All lines below starting at the one that holds "フィリピン海軍は最新鋭の艦船" and ending at the one that holds "КФУ Сергей Елькин." should be printed exactly, ends included. Pictures should not be printed, nor anything else.
Top of Exercise inputs
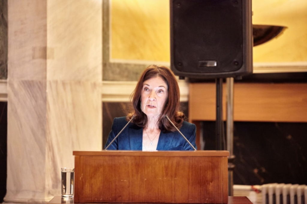 Και συνέχισε: «Οι σημερινές τιμώμενες, με «ανασκαφικό χώρο» την Ελληνική Γραμματεία και αέναο πεδίο έρευνας την ερμηνεία του ελληνικού τοπίου αλλά και των ανθρώπων αυτού του τόπου, εργάστηκαν και εργάζονται επί σειρά ετών για την προβολή του ελληνικού πολιτισμού και τη διάδοσή του ως κοινού τόπου αναφοράς όλων μας. Και οι δύο επέλεξαν να μοιράζουν τον χρόνο ζωής τους μεταξύ των χωρών καταγωγής και εργασίας τους και της Ελλάδας. Για εκείνες, όπως και για τον Μπάιρον, η Ελλάδα είναι πατρίδα επιλογής».
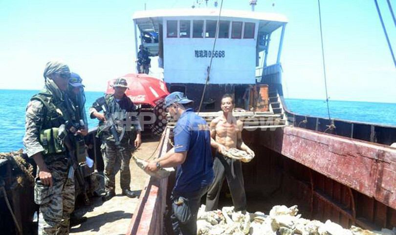 フィリピン海軍は最新鋭の艦船を現場に派遣し、中国人船員らの逮捕を試みたが、中国も10日になって監視船2隻を派遣し、フィリピン艦船による漁船への接近を阻止。フィリピン艦船と中国の監視船がたがいににらみ合い、両国政府が互いを非難しあう事態が続いていた。(c)AFP/Jason Gutierrez
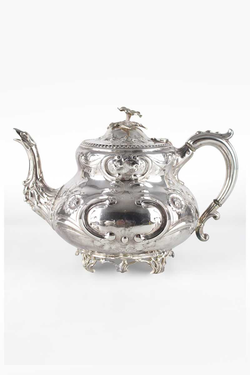 Fine Silver Teapot Beautifully Embossed with Scrolls & Flowers & Flower Finial
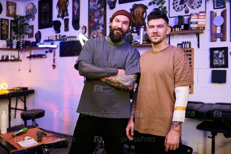 Два молодых человека, стоящих вместе в тату-студии и улыбающихся
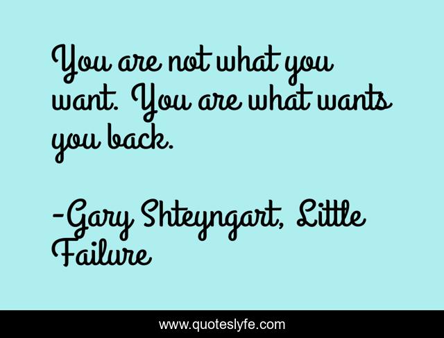 "Gary Shteyngart, Little Failure Quotes." Quoteslyfe.com, 2025. Fri. 05 Dec. 2025. <https://www.quoteslyfe.com/quote/You-are-not-what-you-want-You-238971>.
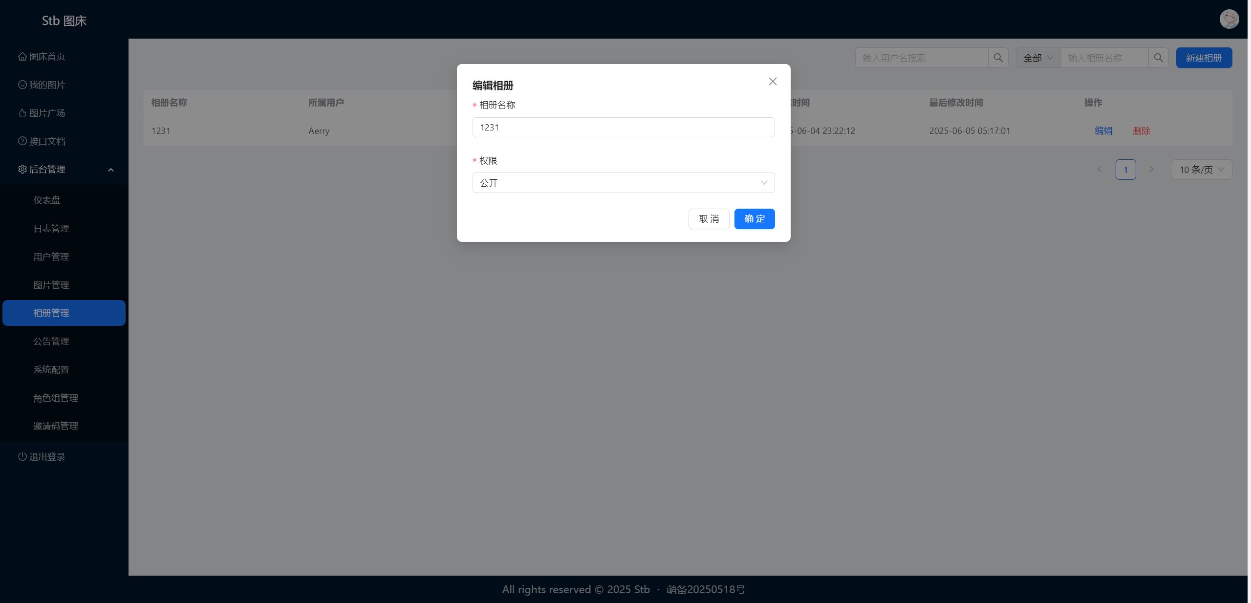 - [x] 支持管理、创建、修改、删除相册
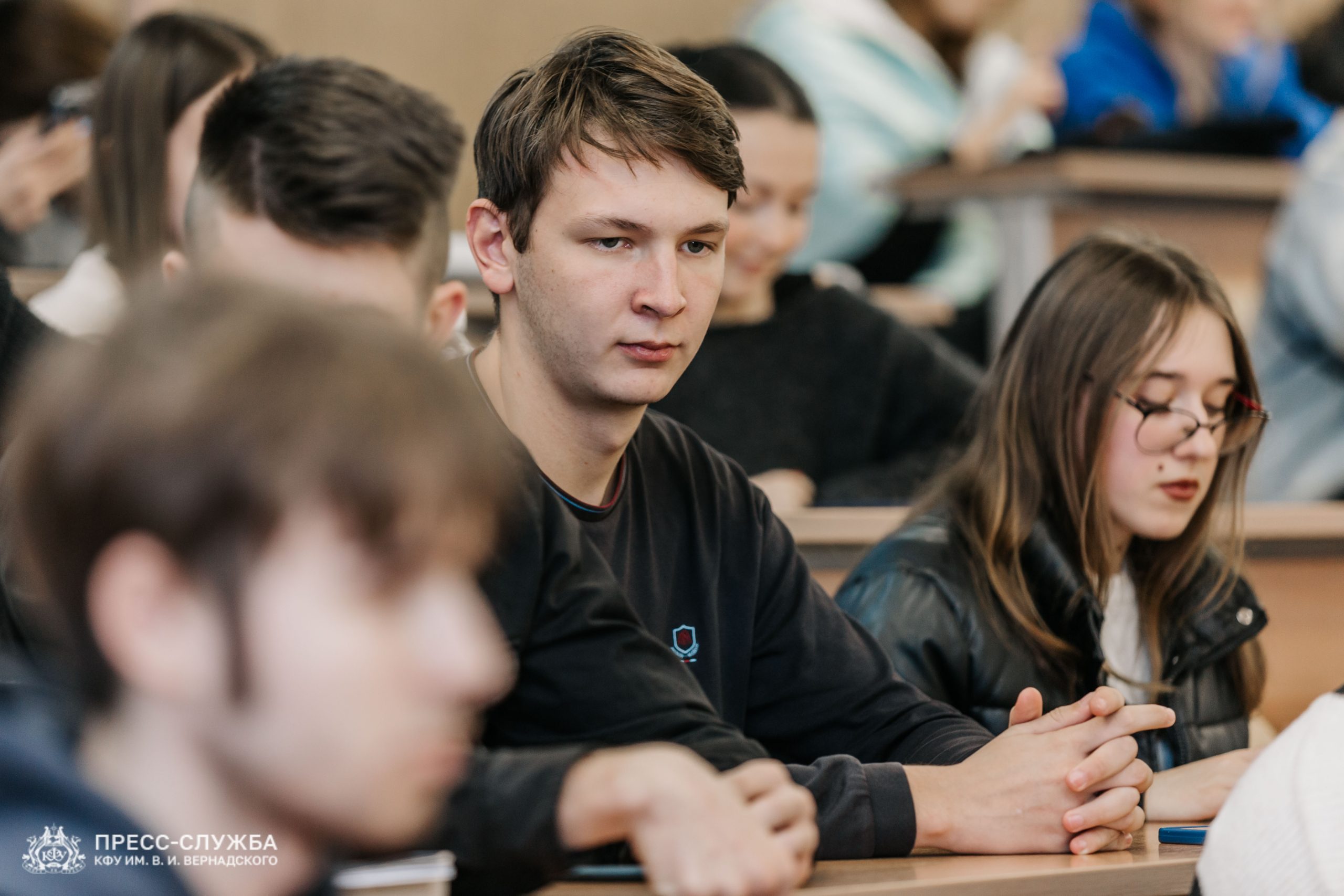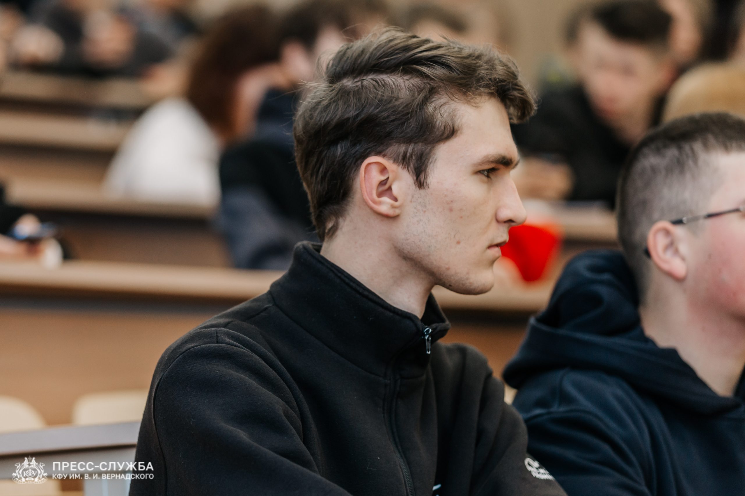 «Сегодня мы знакомим наших студентов с нашим студентом, который в первые дни специальной военной операции совершил подвиг. Мы с ним с 2023 года стремимся выйти на более откровенный формат. Юрий будет вести диалог, как студент со студентами. Дело в том, что ребятам очень важно понимать, что события, связанные со специальной военной операцией, не где-то далеко, они внутри каждого из нас», – поделился проректор по молодёжной политике КФУ Сергей Елькин.
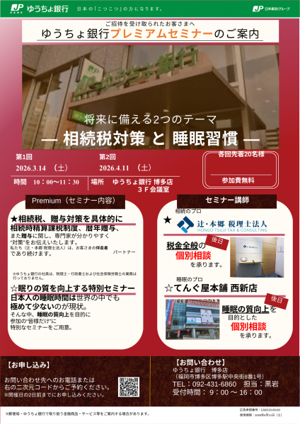 第一回 3/14㈯ ゆうちょ銀行プレミアムセミナーにて個別相談会を開催します!ただいま、ご参加...
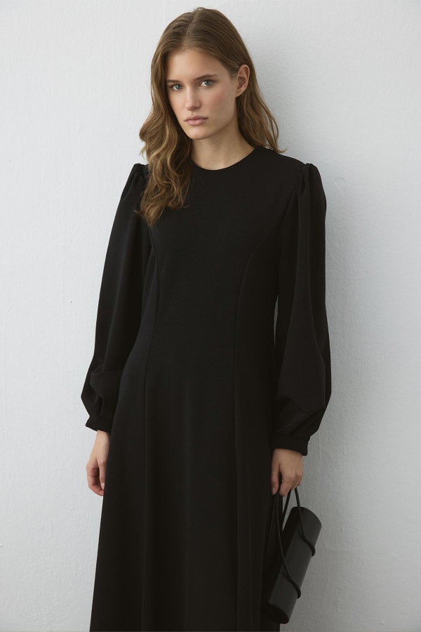 Premium Black Dress with Waist Seam Detail
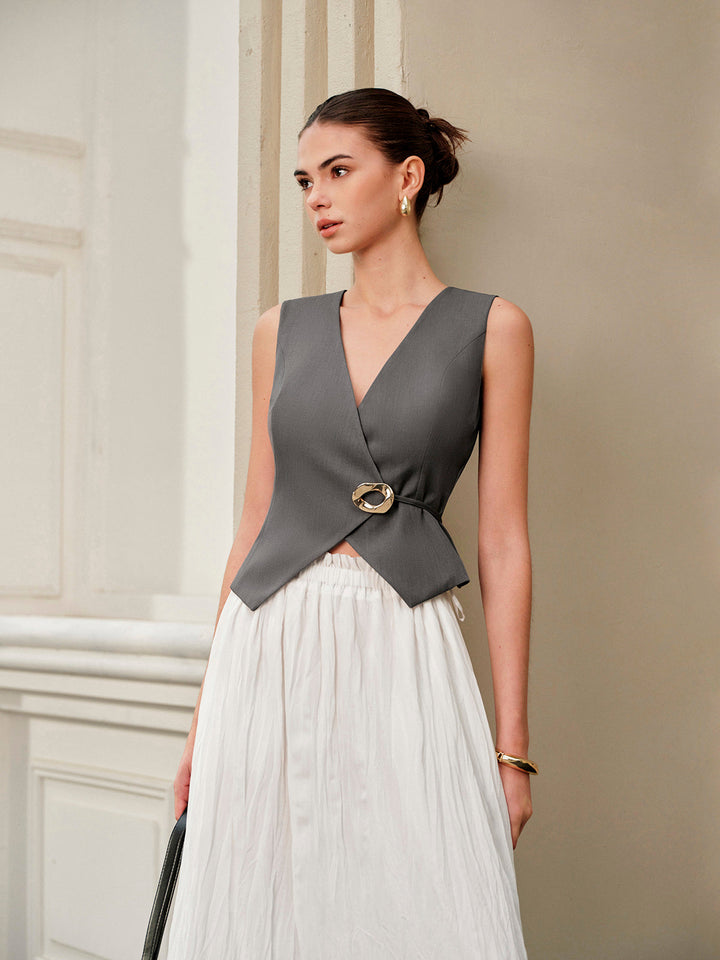 Kemerli V Yaka Metal Bağlamalı Yelek
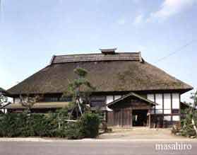 SAGA-KEN This is the southern-most part of Japan's main island, where in autumn must survive the dangerous "TAI-FU"(literally "big-wind & rain, our English homonym "typhoon"). Because of this yearly threat, the MINKA has a lower design & roof. Called "KUDORI-TSUKURI", it assumes a shape similar to that of a KAMADO found in the home's kitchen. The feudal lord Imposed many restrictions & controls on the way a house could be built. In addition, the homes may have been built lower since tall timber was not available in this area of limited arable-land. | ||||||
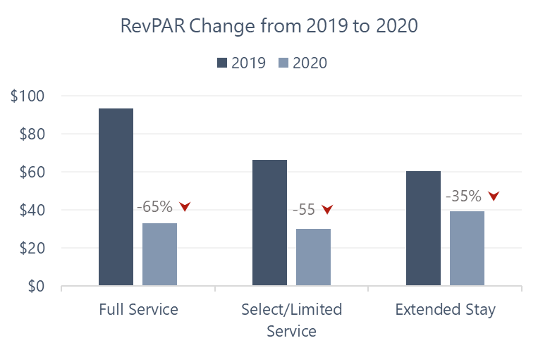 In 2020, hotel performance was influenced by the effects of the COVID-19 pandemic, as shown in the following table. While a significant decrease in demand was the primary reason for the decline in RevPAR, the impact on full-service hotels was further exacerbated by new supply entering the market in 2020, including the Loews Hotel.Extended-stay hotels experienced a less severe downturn in 2020, as a higher percentage of their demand was essential, including medical professionals, construction workers, or residents.
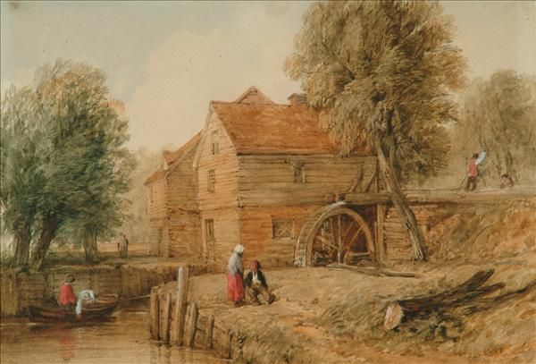 Figures by a watermill
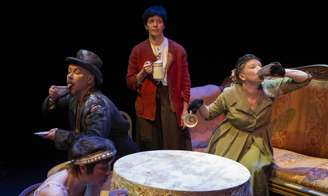 Juhlat on fyysistä teatteria ja tanssiteatteria yhdistelevä mustan humoristinen esitys.
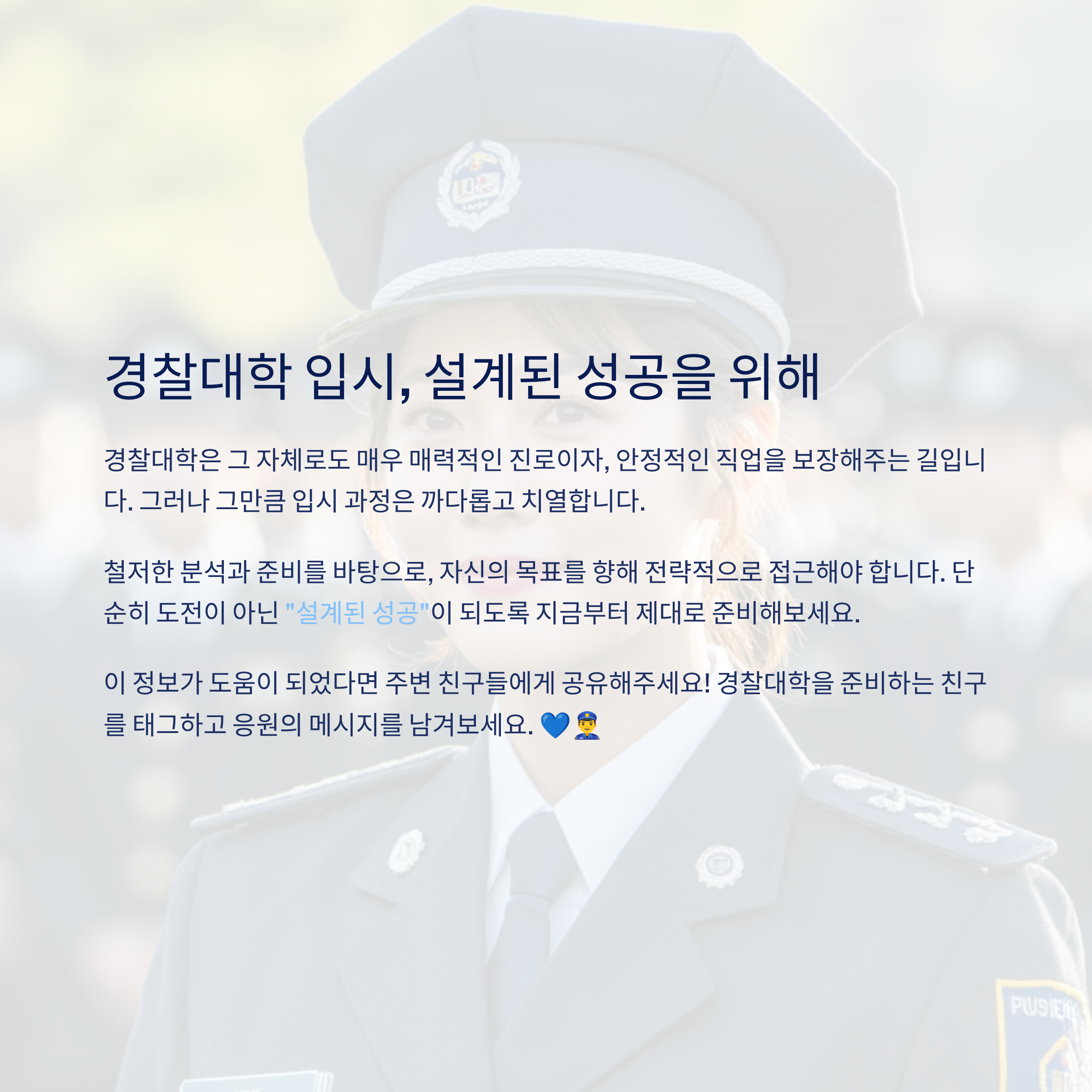 경찰대학은 그 자체로도 매우 매력적인 진로이자, 안정적인 직업을 보장해주는 길입니다. 그러나 그만큼 입시 과정은 까다롭고 치열합니다. 철저한 분석과 준비를 바탕으로, 자신의 목표를 향해 전략적으로 접근해야 합니다.
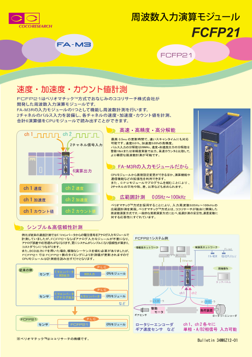 ペリオマチックTM方式でおなじみのココリサーチ株式会社が開発した、 横河電機㈱のパートナーシップの周波数入力演算モジュール。 横河電機社製PLCのFA-M3Rの入力モジュールの1つとして機能し周波数計測を行います。 2チャネルのパルス入力を装...
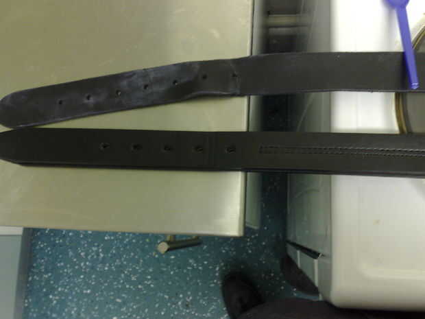 Ahora es el momento para tamaño y colocar los imanes, lo primero que quiero hacer es poner en una de las bandas o incluso mayores y cuando está en uso un lápiz para marcar hacia fuera allí desea los imanes para empezar y terminar, (he usado y viejo cinturón de Halloween para las medidas).
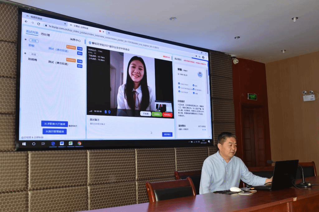 空中双选会举行期间,招就处负责人向王兵副校长介绍了今年毕业生与参会企业的情况,如毕业生所意向工作省份、所意向职业、参会单位所属行业及参会单位性质等。王兵副校长还与毕业生进行了视频交流,向同学们了解就业情况、职业生涯规划等。
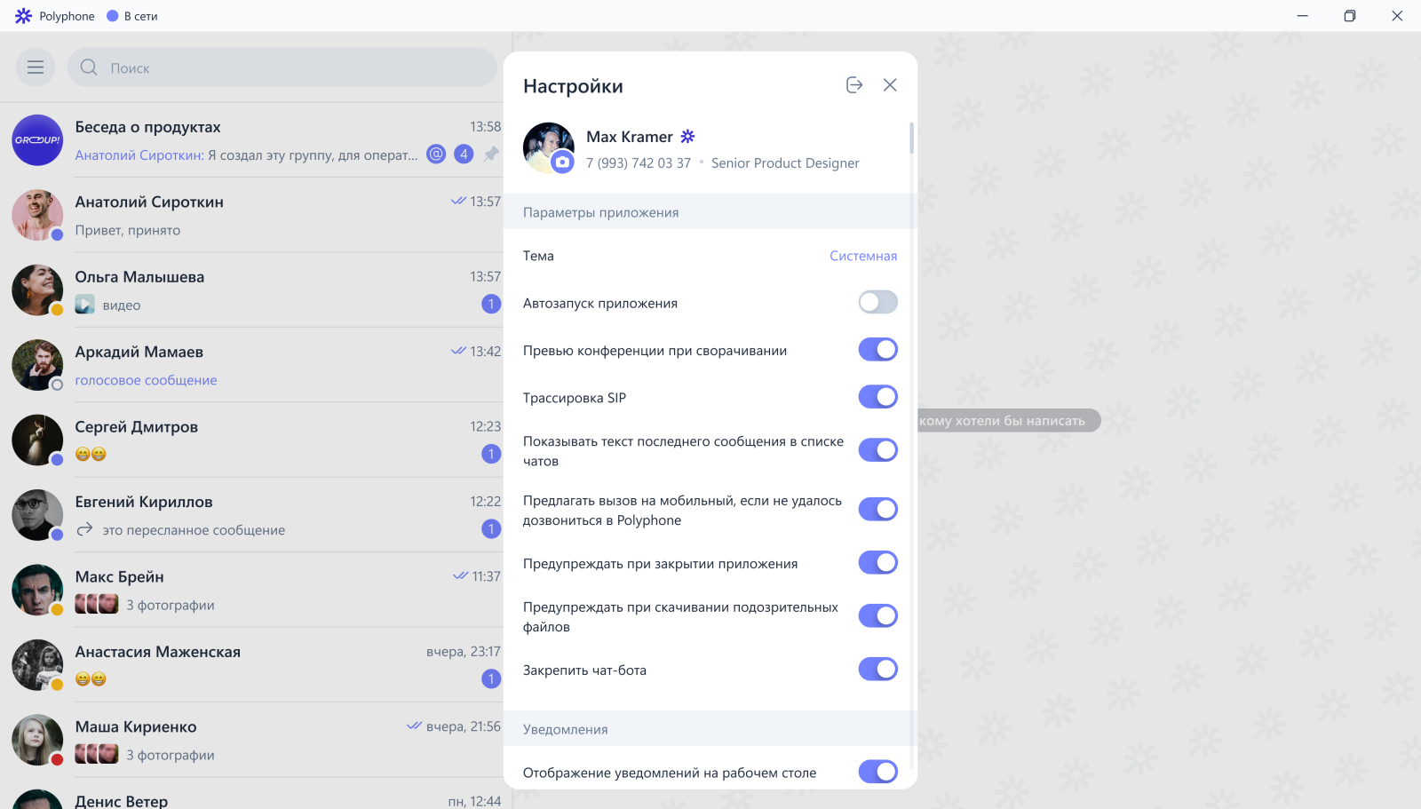 Помимо крупных обновлений, мы реализовали некоторые доработки. Например, синхронизировали настройку уведомлений о новых сообщениях между всеми клиентскими приложениями EW Polyphone. Теперь изменения в одном приложении автоматически применяются в другом.
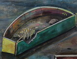夜の浜辺だろうか、浜辺の小さな生き物たちが木箱の中に採集されている。
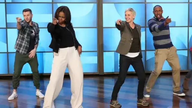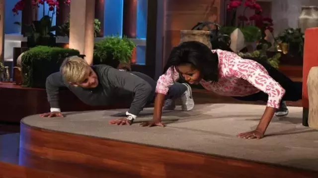 而米歇尔也不止一次做客Ellen Show,在节目里这位曾经的第一夫人被Ellen“忽悠”一起比赛做俯卧撑、一起热舞。俩人还曾经一起逛超市,幽默调皮的Ellen不仅在一旁用挠痒痒的“老头乐”干扰米歇尔购物,最后所幸跳进了米歇尔的购物车“搭顺风车”。
Bottom of Exercise inputs
Answer to this problem →
 フィリピン海軍は最新鋭の艦船を現場に派遣し、中国人船員らの逮捕を試みたが、中国も10日になって監視船2隻を派遣し、フィリピン艦船による漁船への接近を阻止。フィリピン艦船と中国の監視船がたがいににらみ合い、両国政府が互いを非難しあう事態が続いていた。(c)AFP/Jason Gutierrez
 Fine Silver Teapot Beautifully Embossed with Scrolls & Flowers & Flower Finial
 Два молодых человека, стоящих вместе в тату-студии и улыбающихся
 "Gary Shteyngart, Little Failure Quotes." Quoteslyfe.com, 2025. Fri. 05 Dec. 2025. <https://www.quoteslyfe.com/quote/You-are-not-what-you-want-You-238971>.
 - [x] 支持管理、创建、修改、删除相册
 «Сегодня мы знакомим наших студентов с нашим студентом, который в первые дни специальной военной операции совершил подвиг. Мы с ним с 2023 года стремимся выйти на более откровенный формат. Юрий будет вести диалог, как студент со студентами. Дело в том, что ребятам очень важно понимать, что события, связанные со специальной военной операцией, не где-то далеко, они внутри каждого из нас», – поделился проректор по молодёжной политике КФУ Сергей Елькин.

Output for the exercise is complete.